[Try it]
Your copy of the data should match it exactly, except that the pictures are gone.

Provided material START

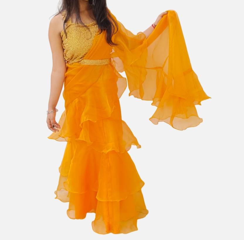 Ready to wear ruffle saree give you classy look with sequence work blouse , it's a free size saree , this saree will be fit waist size 28 to 34 Plzzz share your feedback it will be help me to improve my quality if you find any not good ... Also if you like this saree must give me rating ??
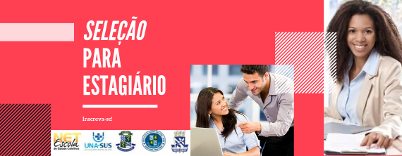A Rede UNA-SUS, estabelecida no âmbito da Universidade Federal da Bahia (UFBA), por meio de Termo de Cooperação da UFBA com a Secretaria de Gestão do Trabalho e da Educação na Saúde do Ministério da Saúde (SGTES/MS), torna público que estão abertas as inscrições para provimento de vagas de estágio não obrigatório, para atuar na Net-Escola de Saúde Coletiva ISC/UFBA.
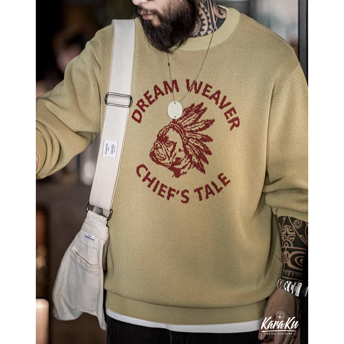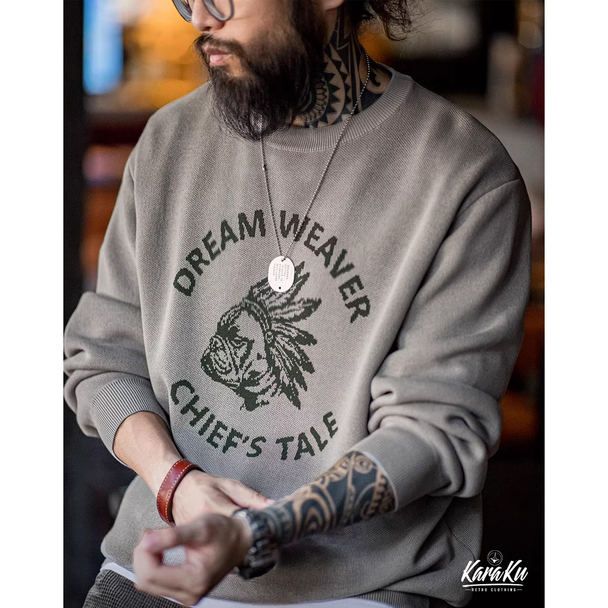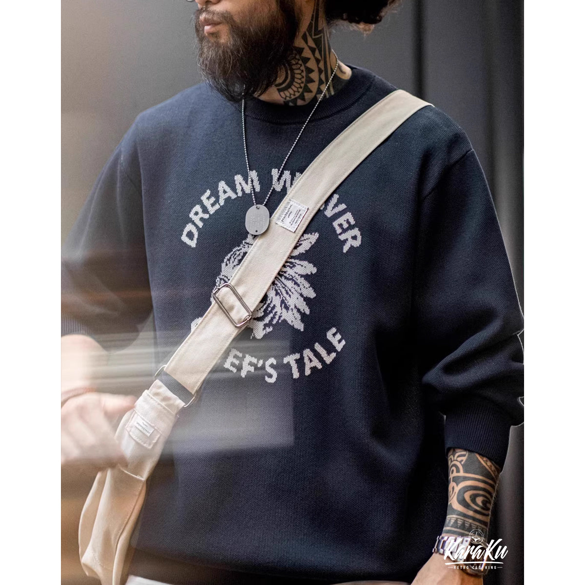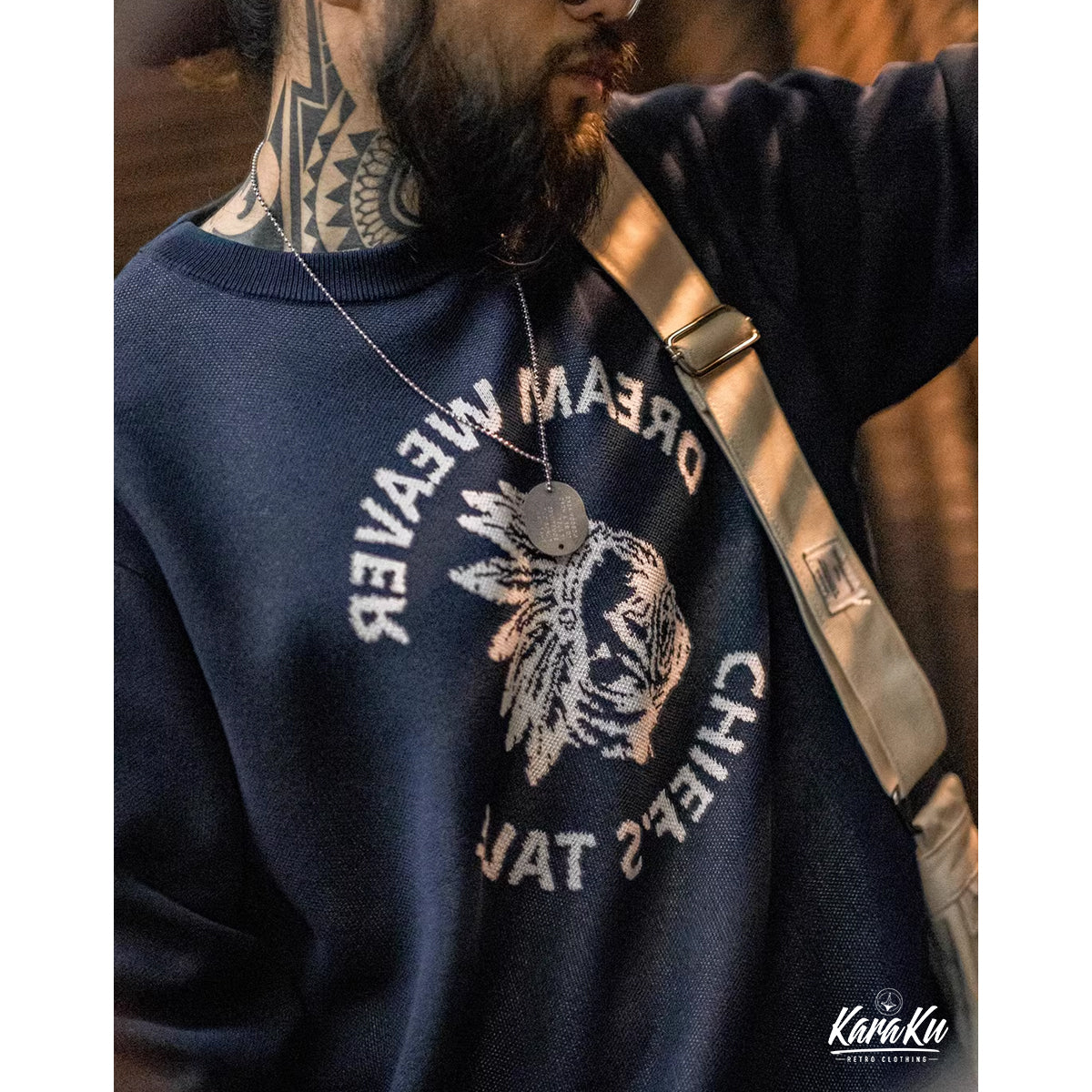 本アイテムは、勇敢さを象徴するフレンチブルドッグと自由を表現するチーフヘッドドレスのユニークな柄を取り入れており、視覚的なインパクトが強く、個性的なファッションスタイルを演出します。オーバーサイズのシルエットにドロップショルダーデザインを採用し、リラックスした着心地を提供。単独での着用だけでなく、レイヤードスタイルでも可能です。リブネックのデザインが首元をしっかりとサポートし、耐久性を高めています。また、柄はプリントではなくニット工法で作られているため、美しさと耐久性が長く保たれます。

Provided material END

[Result for this exercise]
 Ready to wear ruffle saree give you classy look with sequence work blouse , it's a free size saree , this saree will be fit waist size 28 to 34 Plzzz share your feedback it will be help me to improve my quality if you find any not good ... Also if you like this saree must give me rating ??
A Rede UNA-SUS, estabelecida no âmbito da Universidade Federal da Bahia (UFBA), por meio de Termo de Cooperação da UFBA com a Secretaria de Gestão do Trabalho e da Educação na Saúde do Ministério da Saúde (SGTES/MS), torna público que estão abertas as inscrições para provimento de vagas de estágio não obrigatório, para atuar na Net-Escola de Saúde Coletiva ISC/UFBA.
 本アイテムは、勇敢さを象徴するフレンチブルドッグと自由を表現するチーフヘッドドレスのユニークな柄を取り入れており、視覚的なインパクトが強く、個性的なファッションスタイルを演出します。オーバーサイズのシルエットにドロップショルダーデザインを採用し、リラックスした着心地を提供。単独での着用だけでなく、レイヤードスタイルでも可能です。リブネックのデザインが首元をしっかりとサポートし、耐久性を高めています。また、柄はプリントではなくニット工法で作られているため、美しさと耐久性が長く保たれます。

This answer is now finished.